Dataset:
• • • •

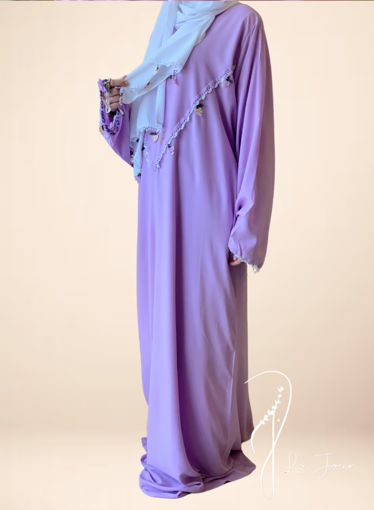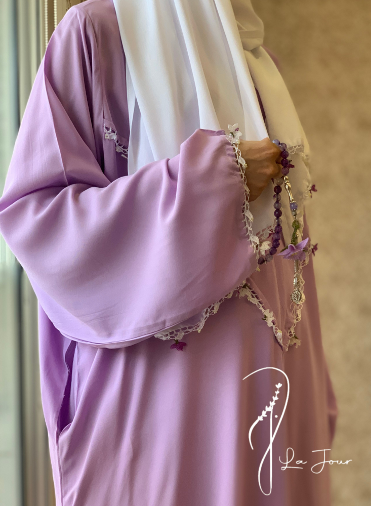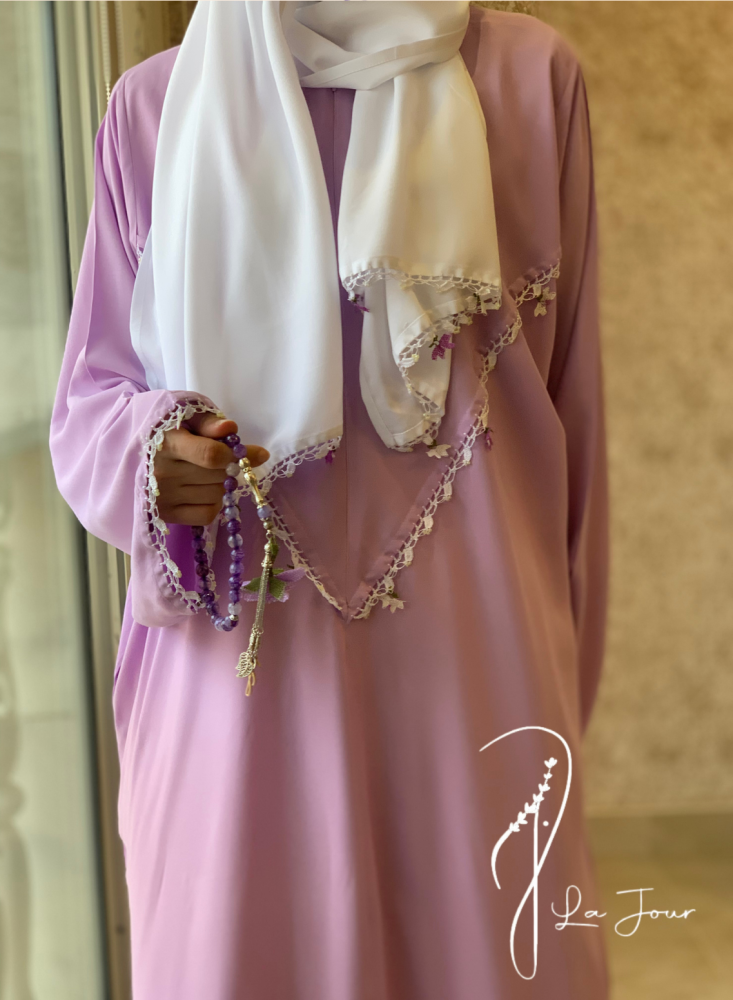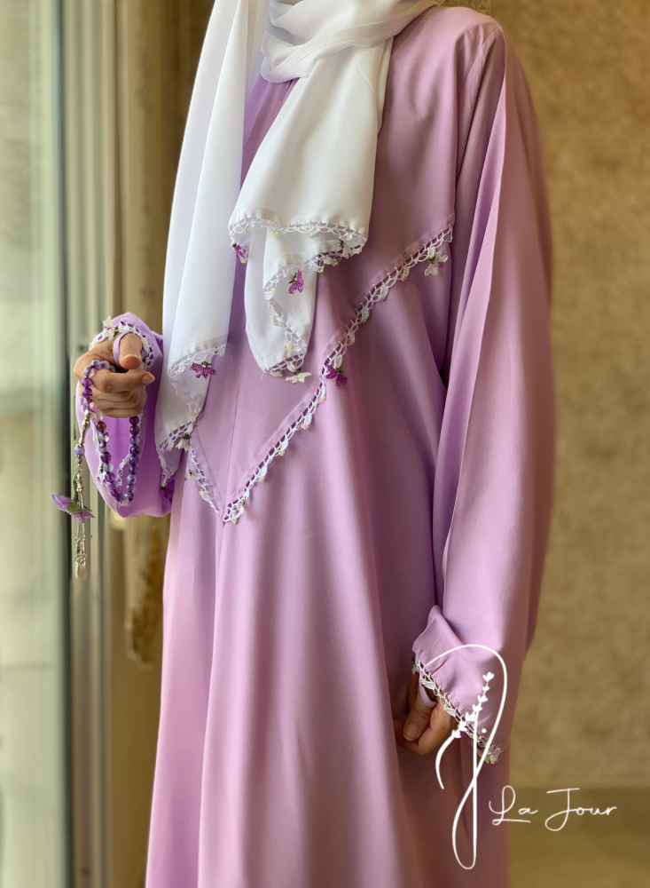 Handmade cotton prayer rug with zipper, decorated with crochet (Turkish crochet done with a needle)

• • • •

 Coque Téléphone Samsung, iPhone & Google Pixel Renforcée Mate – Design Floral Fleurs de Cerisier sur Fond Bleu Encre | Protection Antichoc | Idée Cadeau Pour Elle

• • • •

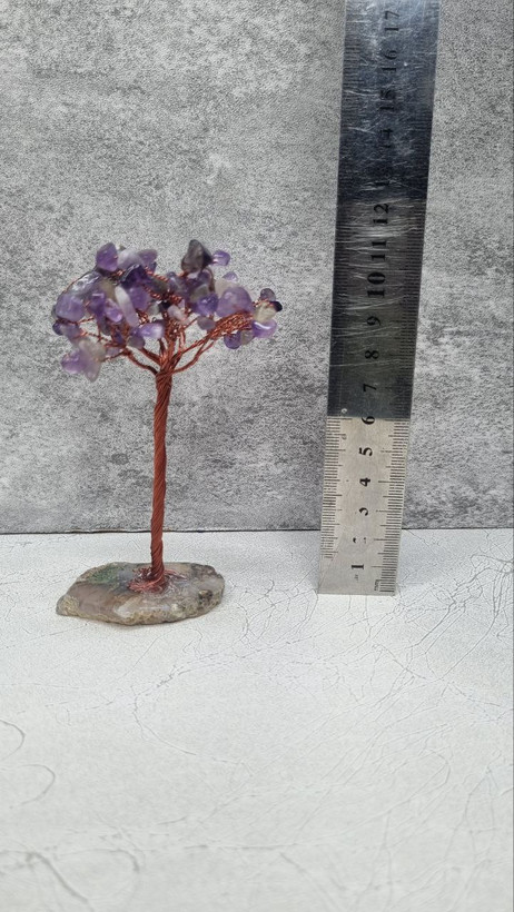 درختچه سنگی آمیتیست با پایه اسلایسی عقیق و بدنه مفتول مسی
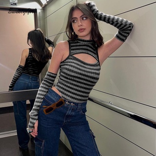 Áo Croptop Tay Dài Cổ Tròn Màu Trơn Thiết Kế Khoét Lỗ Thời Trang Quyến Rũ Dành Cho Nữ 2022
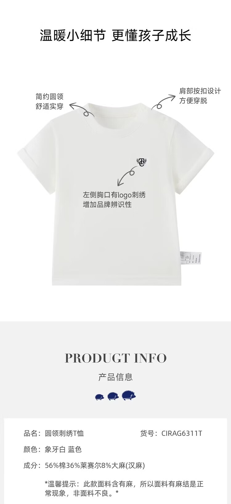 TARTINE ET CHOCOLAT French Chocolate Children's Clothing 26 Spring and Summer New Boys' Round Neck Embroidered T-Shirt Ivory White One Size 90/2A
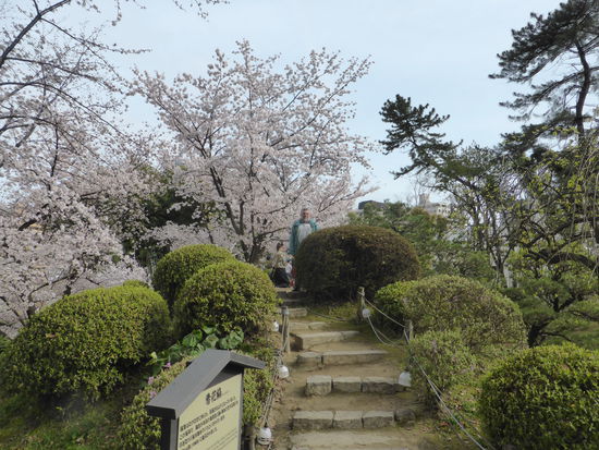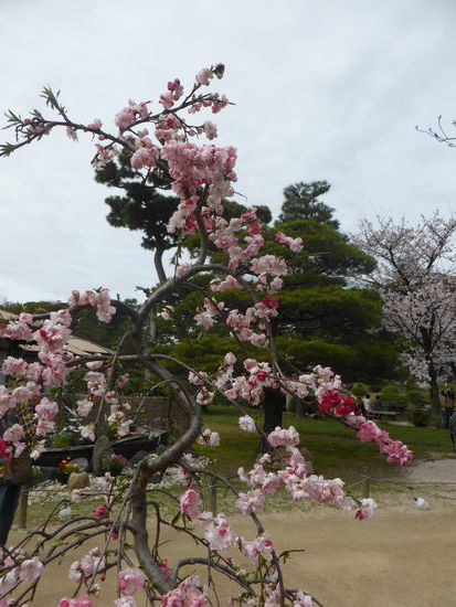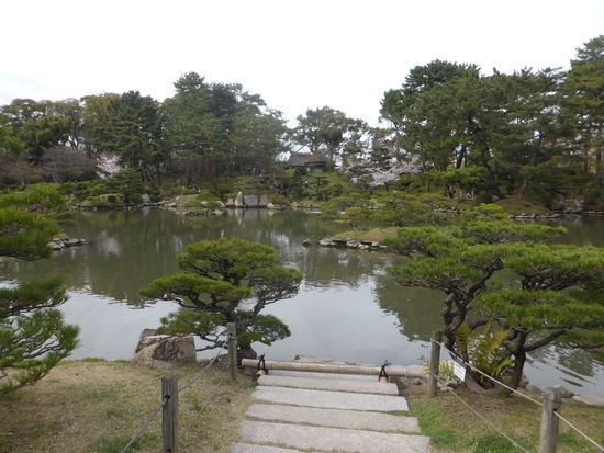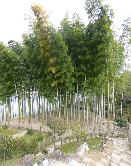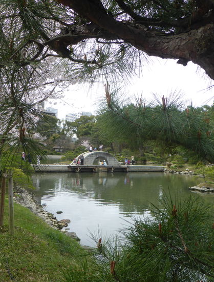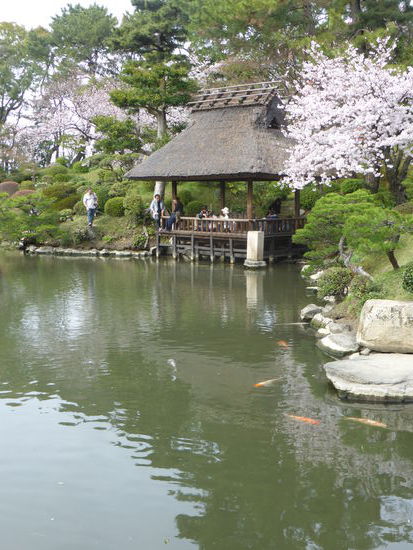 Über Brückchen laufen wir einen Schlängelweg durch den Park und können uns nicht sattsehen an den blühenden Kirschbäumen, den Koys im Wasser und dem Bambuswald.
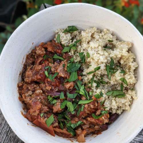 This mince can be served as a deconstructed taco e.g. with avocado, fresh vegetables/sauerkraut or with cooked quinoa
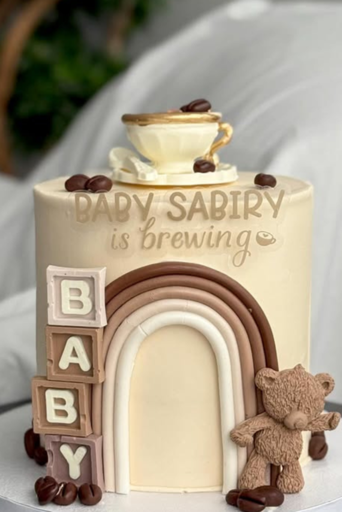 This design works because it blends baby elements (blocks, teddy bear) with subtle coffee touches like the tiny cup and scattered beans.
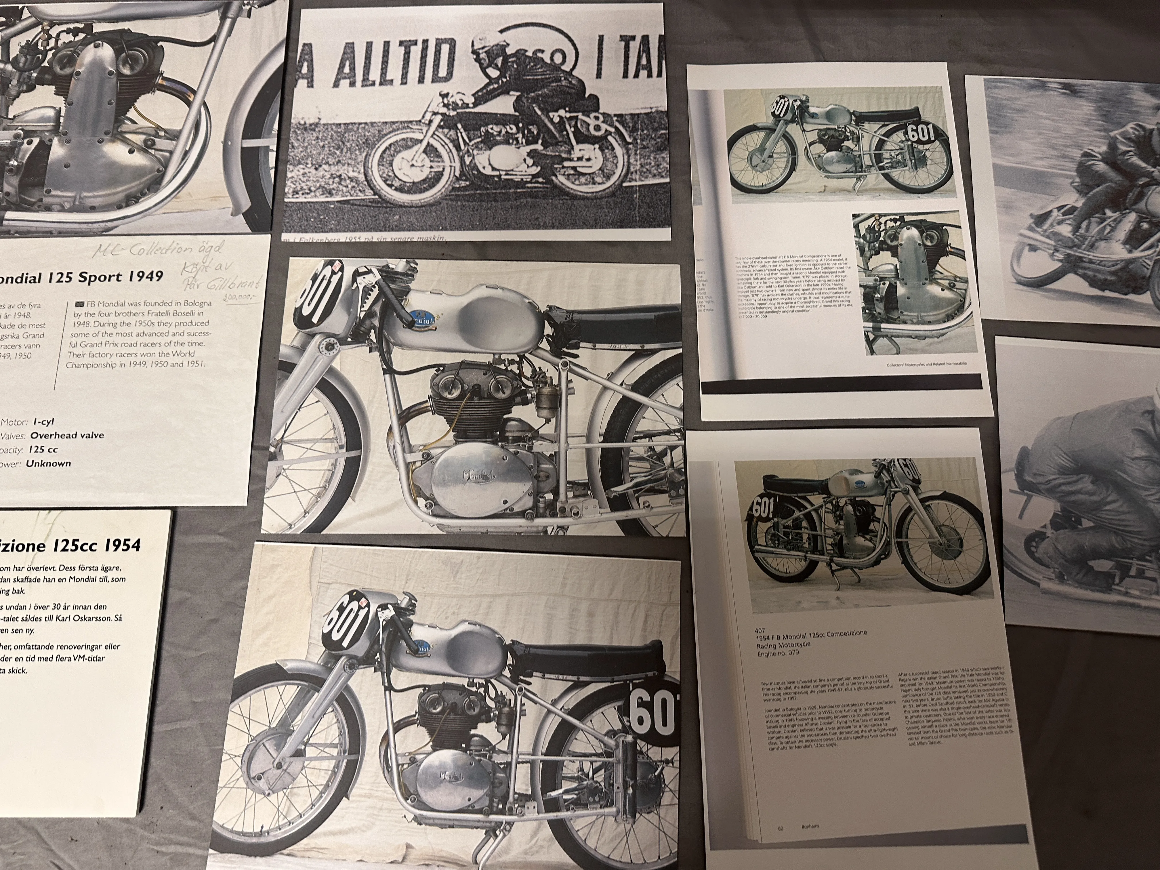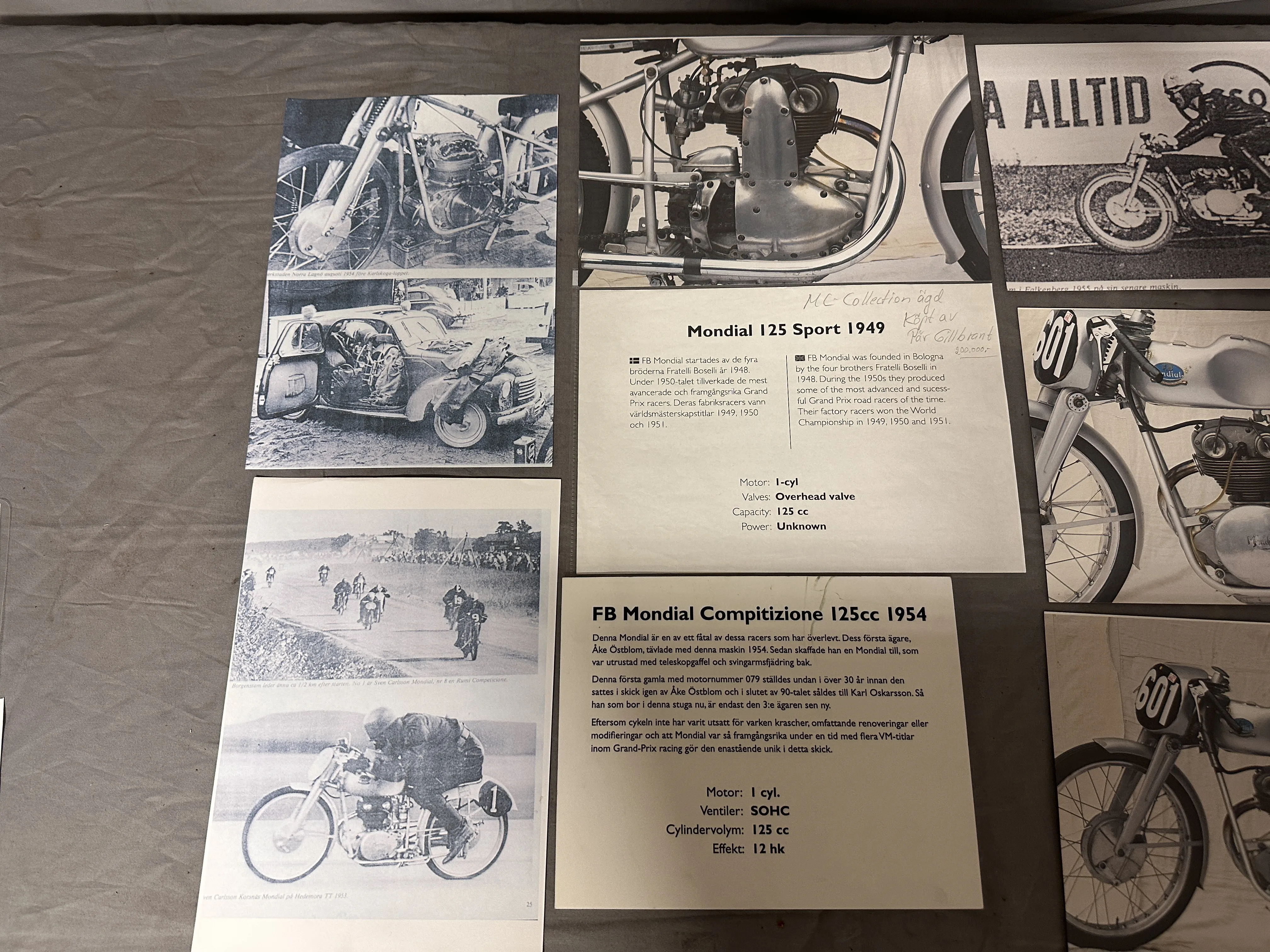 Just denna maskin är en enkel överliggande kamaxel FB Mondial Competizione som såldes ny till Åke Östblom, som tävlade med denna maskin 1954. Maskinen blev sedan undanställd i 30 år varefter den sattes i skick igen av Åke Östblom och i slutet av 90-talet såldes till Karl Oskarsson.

• • • •

Try it:
From the records above, quote word for word only the lines beginning at the line that has "Über Brückchen laufen" and stopping after the line that has "Just denna maskin". Omit the pictures.

Result of the exercise:
 Über Brückchen laufen wir einen Schlängelweg durch den Park und können uns nicht sattsehen an den blühenden Kirschbäumen, den Koys im Wasser und dem Bambuswald.
 This mince can be served as a deconstructed taco e.g. with avocado, fresh vegetables/sauerkraut or with cooked quinoa
 This design works because it blends baby elements (blocks, teddy bear) with subtle coffee touches like the tiny cup and scattered beans.
 Just denna maskin är en enkel överliggande kamaxel FB Mondial Competizione som såldes ny till Åke Östblom, som tävlade med denna maskin 1954. Maskinen blev sedan undanställd i 30 år varefter den sattes i skick igen av Åke Östblom och i slutet av 90-talet såldes till Karl Oskarsson.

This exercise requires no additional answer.